Significant volatility and uncertainty in the capital markets may limit our access to funding.
We have accessed the capital markets in the past and successfully raised funds, through the issuance of equity or convertible debt, to increase our cash position, support our operations and undertake strategic growth initiatives, including the MEN Acquisition. We regularly evaluate our liquidity position, debt obligations, and anticipated cash needs to fund our long-term operating plans and may consider raising additional capital in the future. Global capital markets have undergone a sustained period of significant volatility and uncertainty and there can be no assurance that such financing alternatives would be available to us, should we determine it necessary or advisable to seek additional cash resources.
Facilities transitions could be disruptive to our operations and result in unanticipated expense.
During fiscal 2011, we received notice of early termination from Nortel shortening the lease of our “Lab 10” building on the Carling Campus in Ottawa, Canada from ten to five years, with the lease termination set to occur in fiscal 2015. This is our largest facility, which includes a sophisticated research and development lab and key engineering personnel. We are currently considering facilities alternatives arising as a result of the early termination of this lease, however locating appropriate alternative space for our engineering operations in Ottawa may be costly and there can be no assurance that the transition of key engineering functions to a successor facility will not be disruptive or adversely affect productivity. Additionally, in November 2011, we entered into a lease for our new corporate headquarters and anticipate transitioning affected employees and operations, including key management and administration resources, to this new facility commencing in fiscal 2012. These facilities
transitions could be disruptive to our operations and could result in unanticipated expense that adversely affects our financial results.
Restructuring activities could disrupt our business and affect our results of operations.
We have previously taken steps, including reductions in force, office closures, and internal reorganizations to reduce the size and cost of our operations and to better match our resources with market opportunities. We may take similar steps in the future as we seek to realize operating synergies, optimize our operations and achieve our desired target operating model and profitability. These changes could be disruptive to our business and may result in significant expense including accounting charges for inventory and technology-related write-offs, workforce reduction costs and charges relating to consolidation of excess facilities. Substantial expense or charges resulting from restructuring activities could adversely affect our results of operations in the period in which we take such a charge.
If we are unable to attract and retain qualified personnel, we may be unable to manage our business effectively.

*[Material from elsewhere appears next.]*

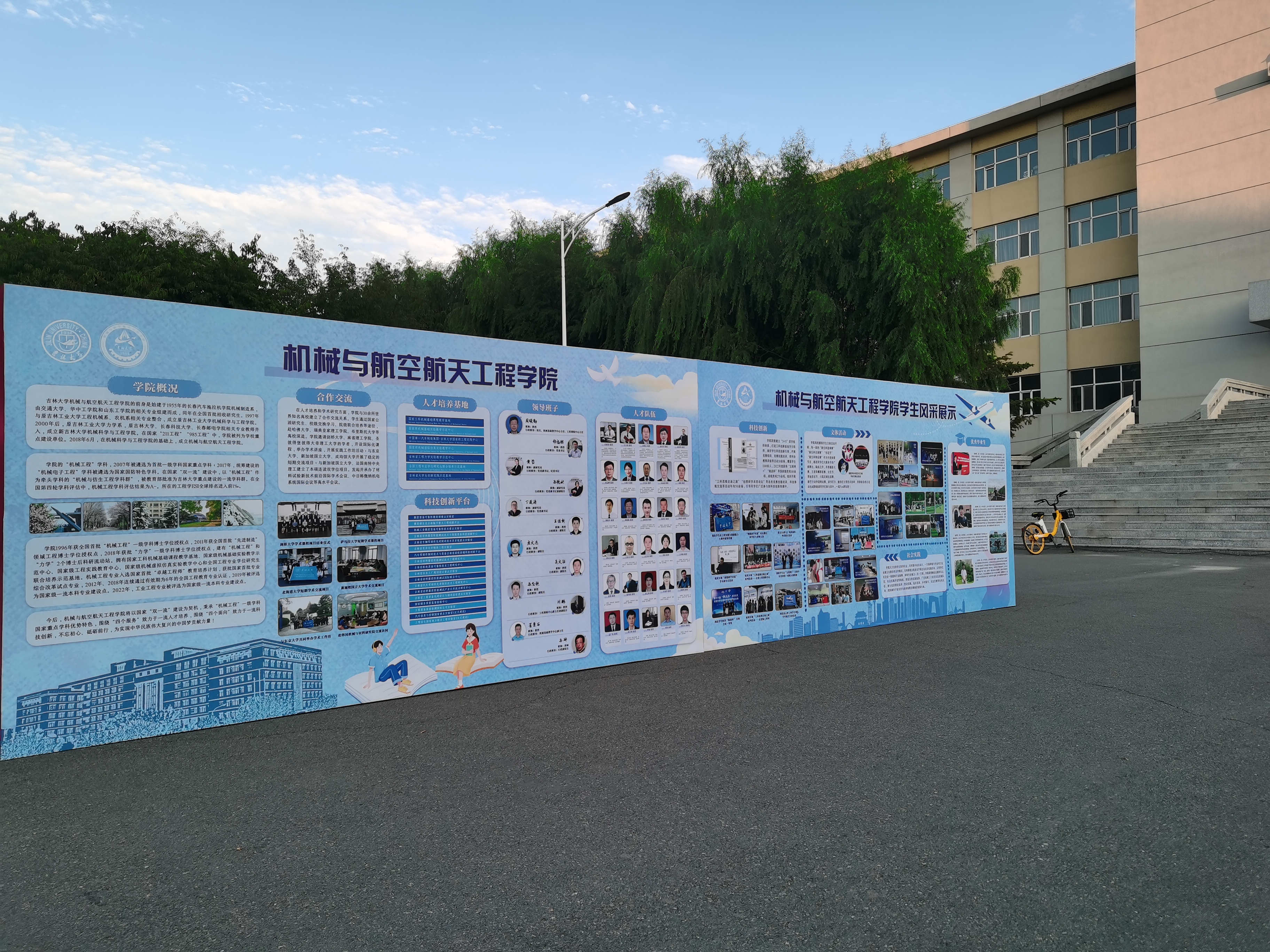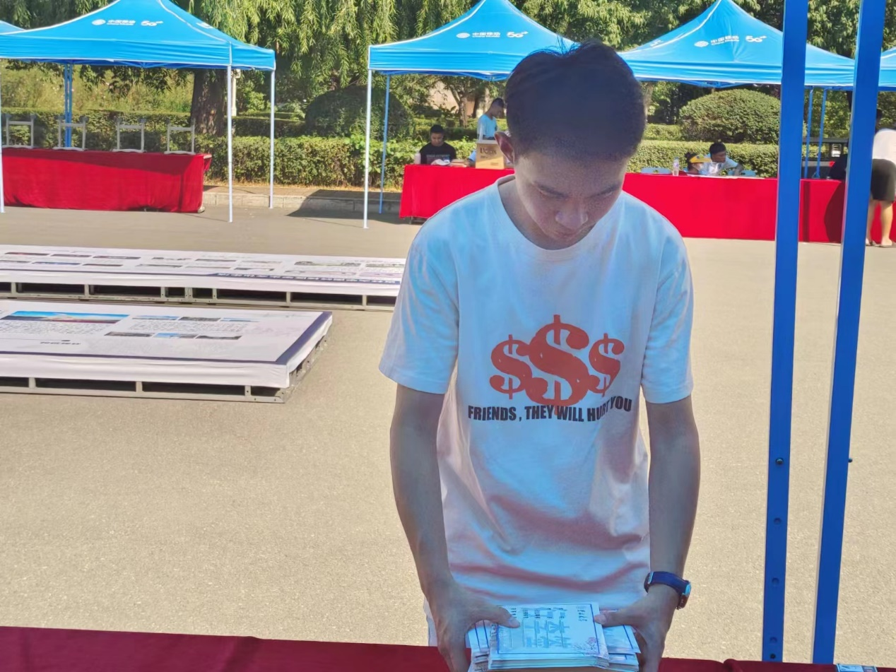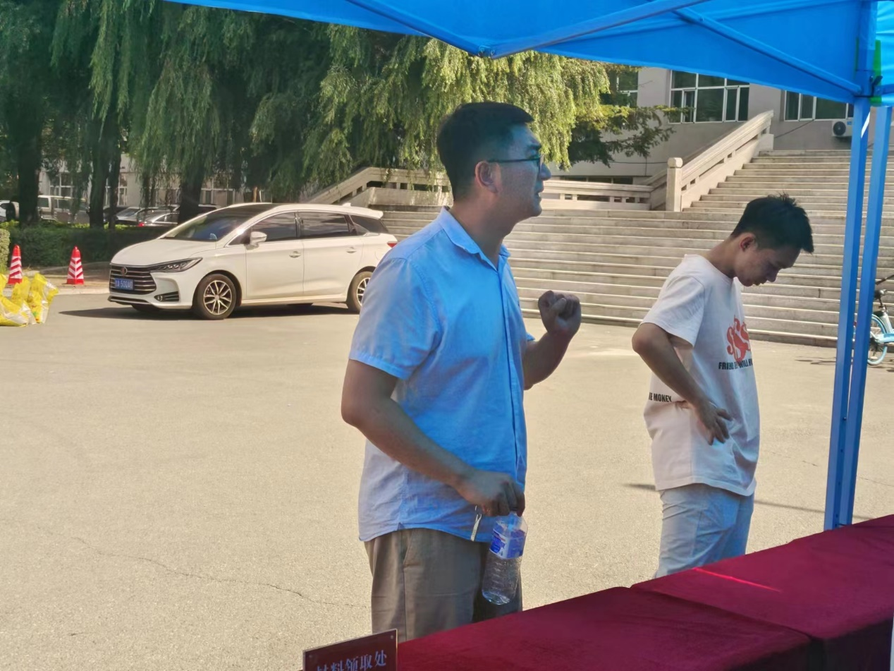 中午十二点,在短暂的会议安排后,老师们带领后勤组同学在基础实验楼前展开现场布置工作。搭建帐篷,摆放工作桌椅、指示牌,放置学院特色展板,搬运手持拍照板和爱心物资等事宜,在老师们的指导和同学们的协作下有条不紊地进行着。截至下午二点一刻,现场布置等准备工作已全部完成。

Competition to attract and retain highly skilled technical, engineering and other personnel with experience in our industry is intense and our employees have been the subject of targeted hiring by our competitors. We may experience difficulty retaining and motivating existing employees and attracting qualified personnel to fill key positions. Because we rely upon equity awards as a significant component of compensation, particularly for our executive team, a lack of positive performance in our stock price, reduced grant levels, or changes to our compensation program may adversely affect our ability to attract and retain key employees. It may be difficult to replace members of our management team or other key personnel, and the loss of such individuals could be disruptive to our business. In addition, none of our executive officers is bound by an employment agreement for any specific term. If we are unable to attract and retain qualified personnel, we may be unable to manage our business effectively and our operations and results of operations could suffer.
We may be adversely affected by fluctuations in currency exchange rates.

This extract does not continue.